Conda-forge.github.io: CI for GPU packages

Created on 16 May 2020 · 18Comments · Source: conda-forge/conda-forge.github.io

Some packages require actual GPU devices to run tests, and this is currently not possible - is there any way we can get this to happen?

This has already been mentioned in #901 by @leofang:

Is CI set up to build and test GPU packages? If not, where is this done?

However, I think this is a much more specific question than what #901 tries to address, so I'm opening this issue. Note that the (somewhat stalled) discussion in #902 might provide a clue as to the way forward:

MS-rep: We're soon going to start private preview of elastic self-hosted pools. Basically, we'll do the elastic management side for you; you run it in your Azure subscription so you can have whatever beefy machine you want.

@mariusvniekerk: That sounds great. So essentially these will run the same build host configurations as stock ones, just with different hosting? Or do we have to build the machine images ourselves

For more details see discussion there; but maybe there are other/better ways as well?

A non-exhaustive list of packages that are affected by this: pytorch, cupy, pyarrow, faiss, etc.

Source

h-vetinari

👍1

Most helpful comment

So, for some context for everyone subscribed to this issue (not least all those people I tagged).
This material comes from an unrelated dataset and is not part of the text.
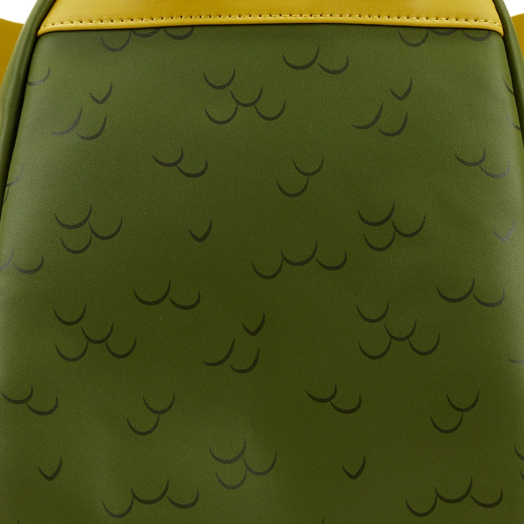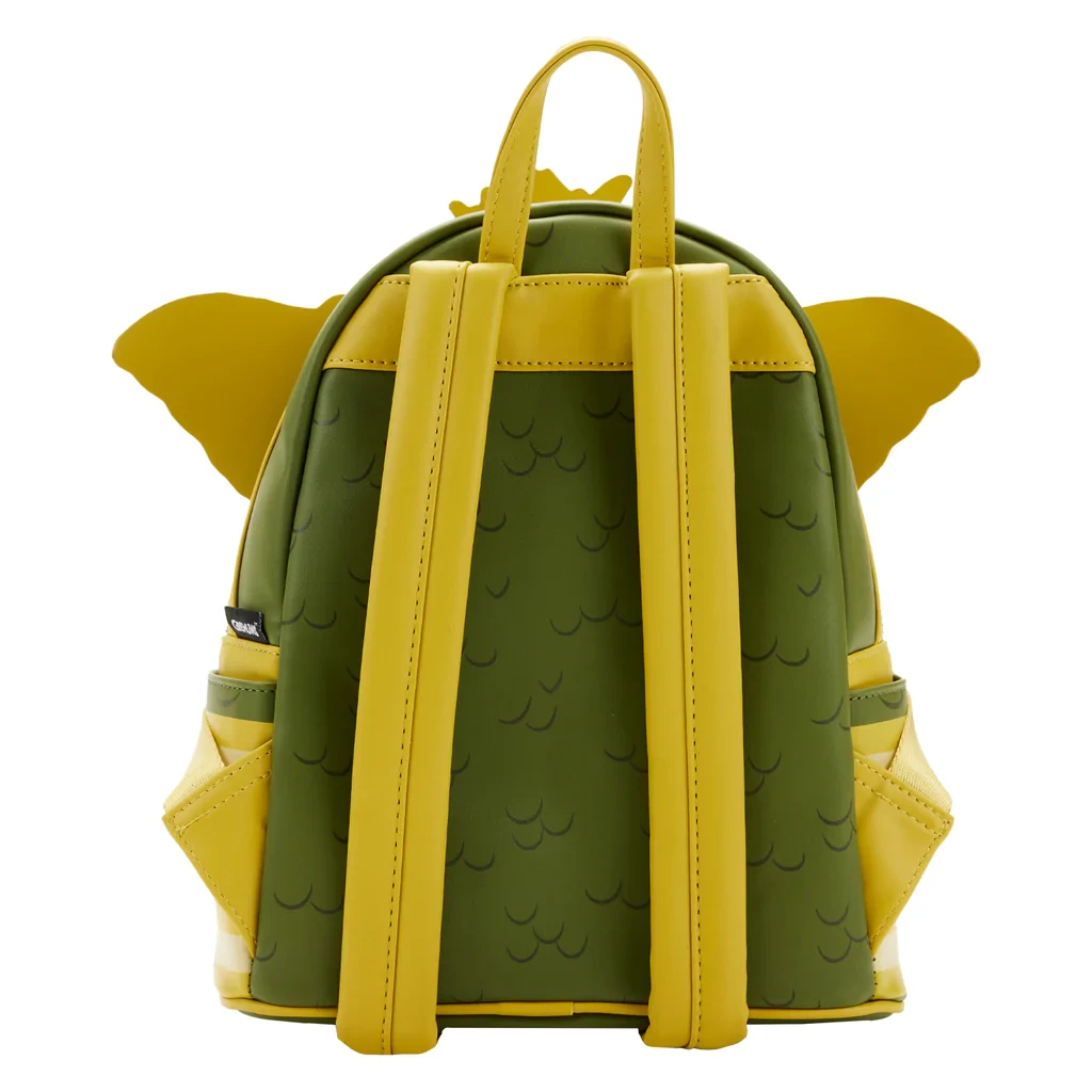 Yum! Yum! Stripe’s hunting for movie snacks and wants to follow you on this Funko Pop! by Loungefly Gremlins Stripe Cosplay Mini Backpack. There’s plenty of room in this backpack for stashing Stripe’s favorite candies—or for packing just what you need for a day trip. On the front of this backpack, Stripe comes to life in applique detail, his head and ears sticking over the top, with his characteristic shock of white hair spilling over. In fact, his face peeks out over a front zipped compartment, and the features of his debossed scales carry through on the side pockets. His 3D movie glasses snap on and off the backpack, and in the dark, the lighter yellow areas on his face and body glow! It’s the perfect accessory for tearing through Kingston Falls—or for turning everyday outings into mischievous fun.

In the meantime, I tried to procure some initial funding for the idea of a jointly sponsored build queue from my employer (a small-ish data consulting company based in Switzerland; only a small fraction of our work is related to conda, but we're interested in the health of the ecosystem, particularly from the testing & security side of the story), and got approval for $500/month for a year as an experiment. My hope is that by placing some initial chips on the table, some others of the (much more involved) players might be enticed to join as well. 🙃

Those 6000$/year are roughly the amount to continuously run one NC6 agent on azure (the smallest GPU-instance). This likely wouldn't be enough to cover all of conda-forge's needs, but I'm guesstimating that roughly 3-4 times that much would be more than enough at the moment (e.g. the drone queue is also managing on two machines).
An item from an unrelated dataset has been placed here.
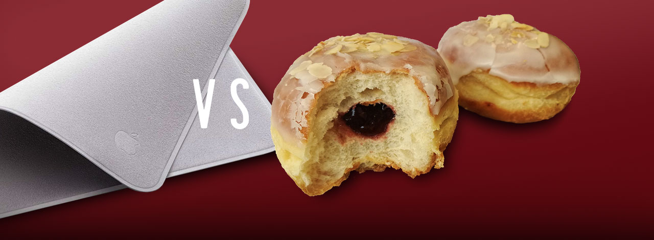 Czwarty i ostatni etap to korzystanie z urządzeń po zjedzeniu pączka. Dużo trudnych do wyczyszczenia, tłustych, słodkich i klejących się zabrudzeń to ostateczny test dla dowolnej metody czyszczenia. Czy ściereczka z mikrofibry Apple dała radę?

That amount represents around a person-week of engineer time (cf. NEP46), which I think should be a drop in the bucket for companies that employ people that spend any non-trivial amount of time concerned with packaging GPU-related software - especially compared to the time lost by having to do it disjointly, resp. the potential time saved by doing it through conda-forge.

I suggested this to @conda-forge/core, and it turns out that there is at least one other proposal along those lines currently in the pipeline. This would be great from my POV, because unifying all those efforts is IMO the ideal scenario (assuming the legalities are solvable). In any case, those discussions are now slowly unfolding, and perhaps provide some background colour to the opening of #1272 & #1273.

In short: it would be amazing if any of the involved people / companies could take this as impetus to chip in something as well. GPU computing is only ever going to get larger, and I believe that sharing some (comparatively low) CI infra costs to enable conda-forge to do the building & integration would provide huge bang-per-buck for the people & companies that are building & using such packages.

h-vetinari on 13 Mar 2021

👍5

All 18 comments

Thanks, @h-vetinari. This is an important request. For the case of CuPy, we have had multiple times hitting bugs when attempting to enable some (experimental) support that upstream did not cover enough in their CIs. Having CF's own CI would be very helpful.

That said, in our case this could have been completely avoided if the upstream had tested it thoroughly, and I do feel this is the right way to go, especially for GPU packages. The upstream CIs should have a large build matrix (Python ver * NumPy ver * CUDA ver * OS ver * ...) to provide a good coverage. In contrast, CF's CIs should only focus on "getting the packaging right" and nothing further. Taking CuPy as an example, it is impractical to run its full test suite on CF's CIs, as each run takes 1~1.5 hr, and we have 12 builds from the aforementioned matrix. It simply takes too long.

leofang on 18 May 2020

cc: @jakirkham

leofang on 20 May 2020

cc @scopatz

beckermr on 15 Aug 2020

I wanted to bring up something along the lines of this again:

The birds

Given the effort expended for packaging GPU packages, the role of conda(-forge) in the scientific/ML stack (including "network effect") & the capabilities of existing conda(-forge) infrastructure, it would kill a lot of metaphorical birds with one stone if conda-forge CI had support for GPUs, because:

a lot of redundant efforts could be saved
without sacrificing CI quality
yielding high-quality packaging with large os-/arch-/version-coverage

The stone - A jointly sponsored build queue for conda-forge?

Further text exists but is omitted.